2020 was one heck of a year. I had high hopes for 2020 after some devastating losses and realizations in 2019, but clearly, my expectations were a bit too high.
This year, I want to be conscious of my mental health and my self-care routine. I’m not trying to use buzzwords here: I mean I need to do the hard things that I know are good for me.
If you’ve ever been depressed, you know that everything suddenly becomes a struggle. So this year, I’m prioritizing getting dressed every morning despite not leaving my house, washing my face morning and night, and setting aside time to move my body. These are all things that I have been known to push aside from my daily routine in favor of being sedentary and sad (which is a very good slogan for being depressed: sedentary and sad). However, things like having good hygiene or starting off my day with stretching pretty much guarantee a happier, more productive day. So why have those things been so hard for me?
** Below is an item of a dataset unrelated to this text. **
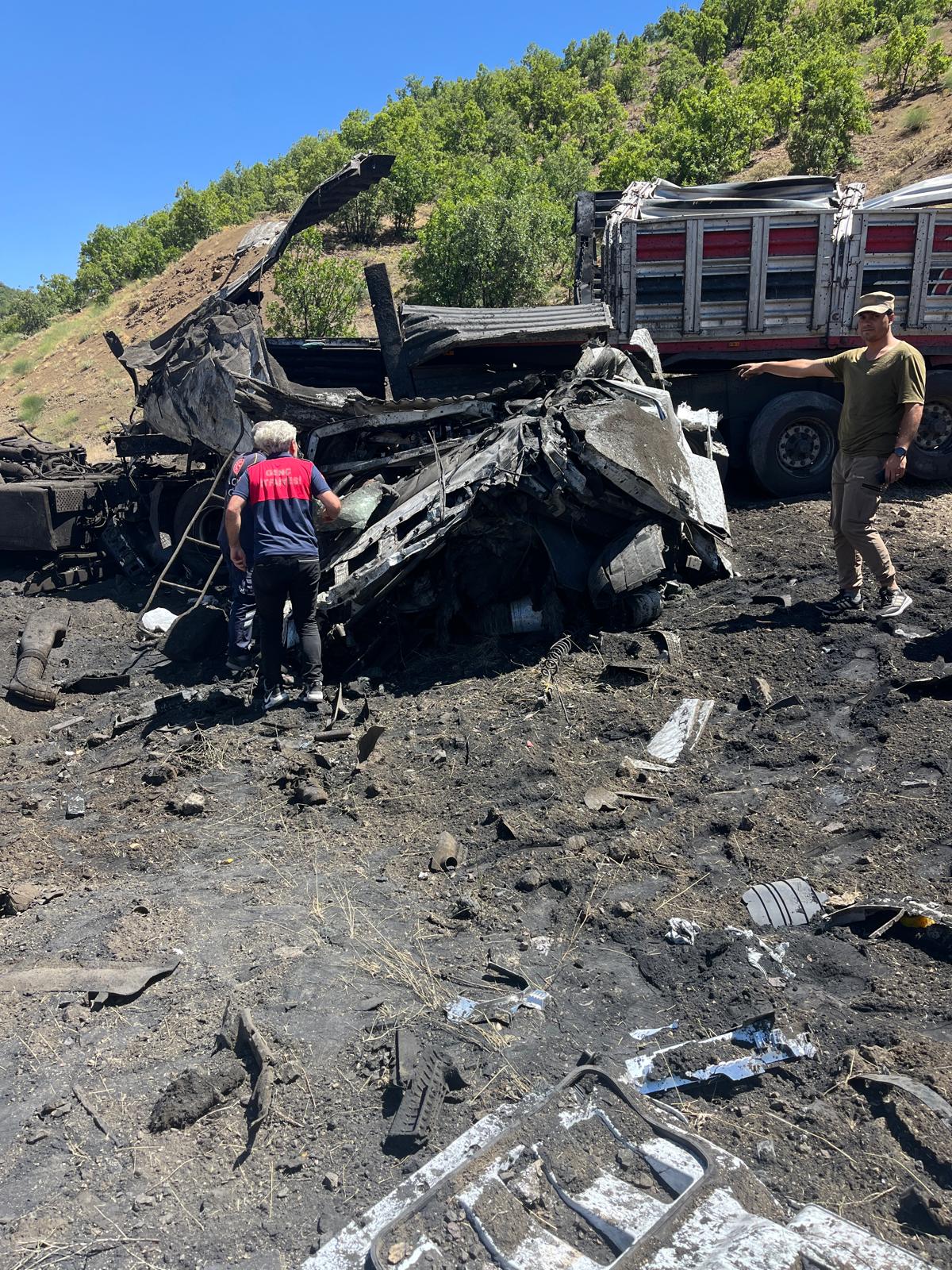 Sürücüsünün kimliği henüz öğrenilemeyen 31 TE 247 plakalı tır, Bingöl-Diyarbakır karayolunun Tapantepe mevkiinde kontrolden çıkarak devrildi. Kaza sonrası alev alan tırın içinde sıkışan sürücü feci şekilde can verdi.

I had this realization in therapy recently. I often find myself in two states: Anxious or Depressed. Anxious Me operates at the risk of burnout but does in fact get things done. Depressed Me operates at the risk of digging myself a little depression hole: I essentially do nothing because that feels safer than doing something that could make me anxious, upset, frustrated, stressed, etc. When talking to my therapist about how I cycle through these states, she noted that I can choose the middle ground. I’ll put a disclaimer here and say that, obviously, mental illness is not a choice, but this was something I needed to hear. I operate in my own comfort zones. Depression is a comfort zone. Anxiety is a comfort zone. There come choices during my day where I pick either the anxiety-inducing option or the depression-spiraling one. Really, there’s often a third choice: a middle ground.
When making choices throughout the day, it is important to note not just what feels good and comfortable now, but what will feel good and comfortable later. For example, I know that moving my body makes me feel better, but I don’t often feel as though I have the energy to do so. However, setting aside time (especially in the morning) to do some light stretches is low-effort and leaves me feeling better about the day ahead. Committing to an entire workout regime puts a lot of unnecessary pressure on myself that often leaves me wanting to just do nothing at all. Ensuring I do some light stretches or unstructured yoga in the morning, however, makes me feel like I’ve done something good for my body without exerting a significant amount of energy. It also is an activity I consider to be productive. If the feeling of productivity continues, I could do some more intense workout moves, but if not, I have still moved my body that day. There is no judgment if I decide not to work out, but rather compassion for myself for doing something that benefits both my body and my mind.
Taking care of my health— mental, physical, and emotional —should be my priority. In 2021, I’m looking to find more middle ground, and I’m looking forward to the upcoming months of self-compassion and growth.